(EXERCISE DETAILS): Retype every line of the data below, starting with the first and ending with the line that contains "4、同样,管家清除明了的把权", but leave out the pictures.

_____

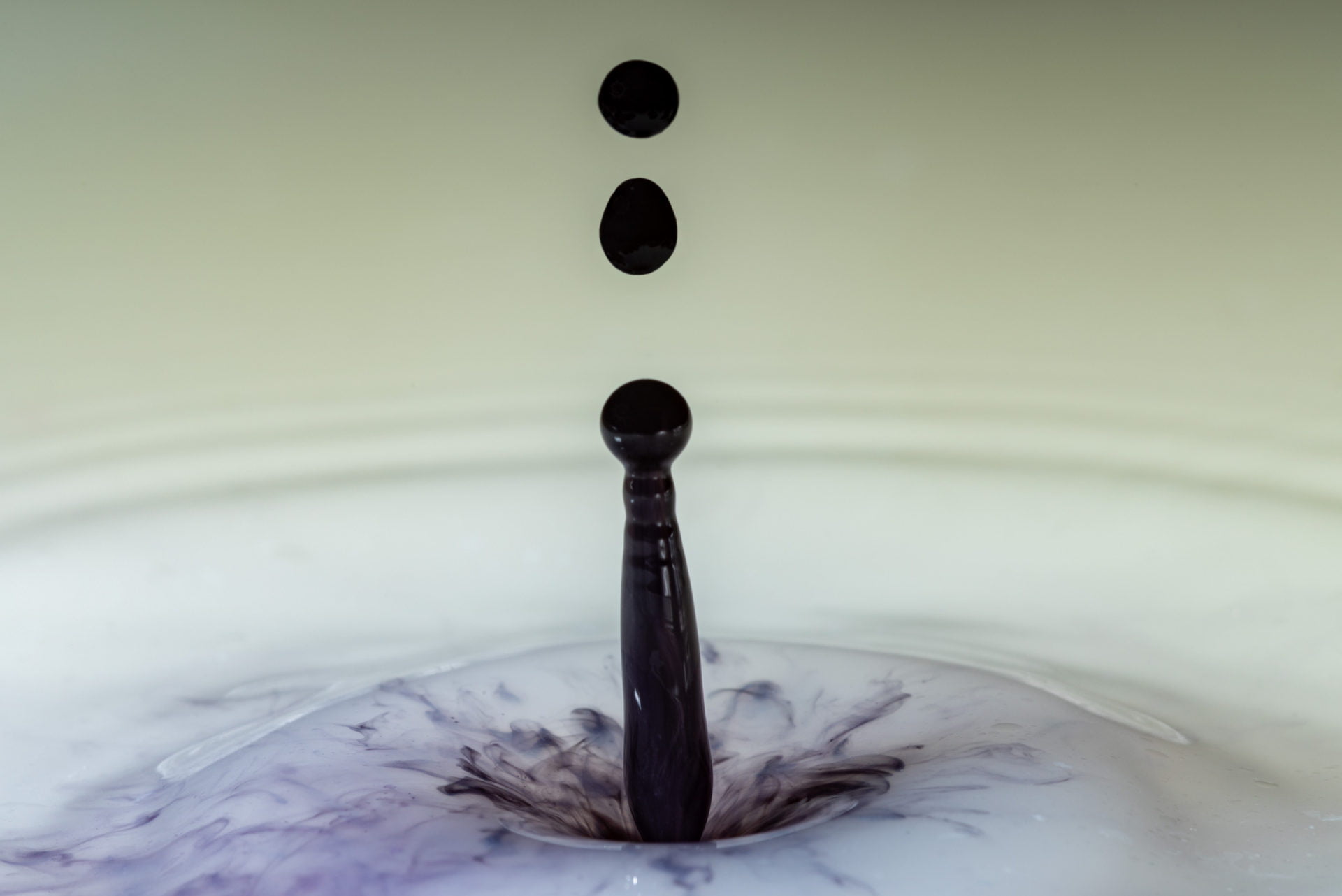 This particular picture looks like twins pure black drops spitted out the water rather than falling into it. What I really like about this picture is the complexity of the water pattern, it almost looks like a black hole is sucking everything inside.
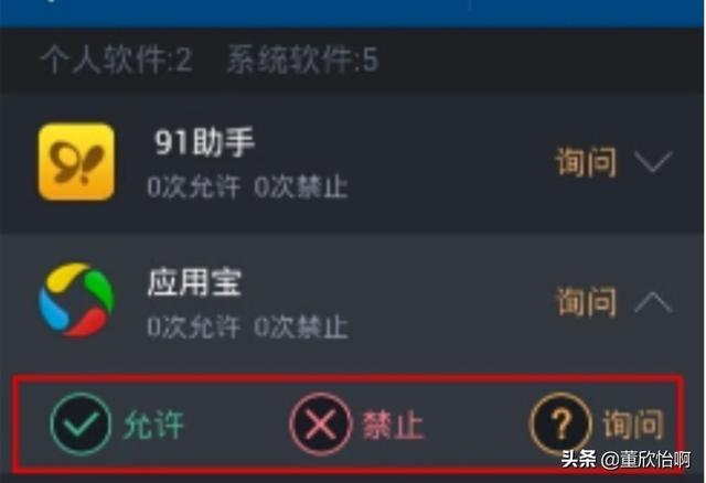 4、同样,管家清除明了的把权限分类成资费相关、隐私相关、安全相关也可以按照分类查看那些使用该权限的软件,并进行处理。如果选择允许,使用该软件此权限时管家不会再提示;选择禁止,则一次性阻止该软件使用该权限;如果选择询问,使用该软件此权限时管家会询问您是否允许。最后,在权限管理的右上角设置中,即可开启/关闭权限管理的总开关,并查看监控日志。
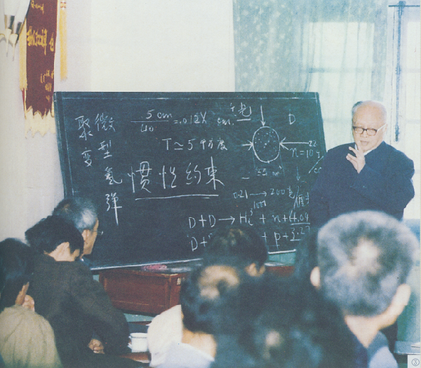 王淦昌一向强调“科学研究是硬碰硬的事情”,对于那些虚假的或者似是而非的东西,要做到准确鉴别、坚决摒弃。20世纪50年代初期,对于苏联科学家宣称发现的十多个新粒子(即所谓“变子”),他明确表示反对,而最终也证明他的判断是准确的。图为1980年王淦昌在原子能研究所作报告。
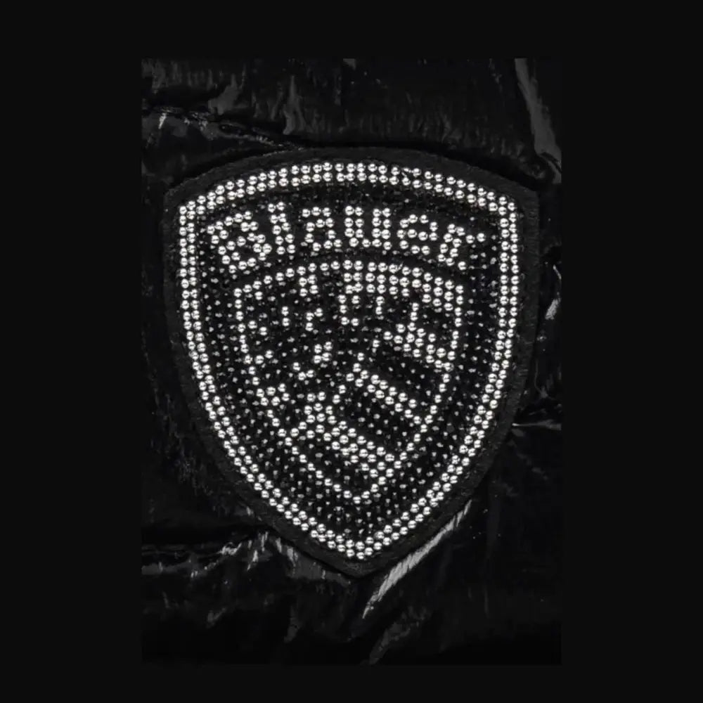 Zaino Blauer Wave03 da donna in tessuto trapuntato a onde di nylon a finitura semilucida, versione small dal design stondato, a doppio scomparto e con tasca esterna chiusi da zip, logo scudetto frontale in micro strass, manico superiore e spallaci medi imbottiti regolabili in lunghezza
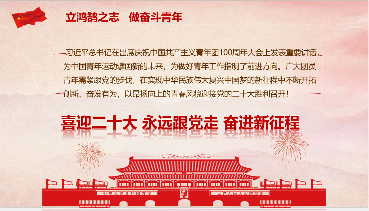 为进一步推动基层团组织规范化建设,加强对团员青年的政治引领和思想引领,激励广大团员青年担当作为,展示青春风采,以优异成绩迎接党的二十大和庆祝共青团成立100周年,5月16日,由食环学院承办的第十九届校园文化艺术节之“喜迎二十大、永远跟党走、奋进新征程”微团课比赛圆满落幕。

_____

(EXERCISE RESULT):
 This particular picture looks like twins pure black drops spitted out the water rather than falling into it. What I really like about this picture is the complexity of the water pattern, it almost looks like a black hole is sucking everything inside.
 4、同样,管家清除明了的把权限分类成资费相关、隐私相关、安全相关也可以按照分类查看那些使用该权限的软件,并进行处理。如果选择允许,使用该软件此权限时管家不会再提示;选择禁止,则一次性阻止该软件使用该权限;如果选择询问,使用该软件此权限时管家会询问您是否允许。最后,在权限管理的右上角设置中,即可开启/关闭权限管理的总开关,并查看监控日志。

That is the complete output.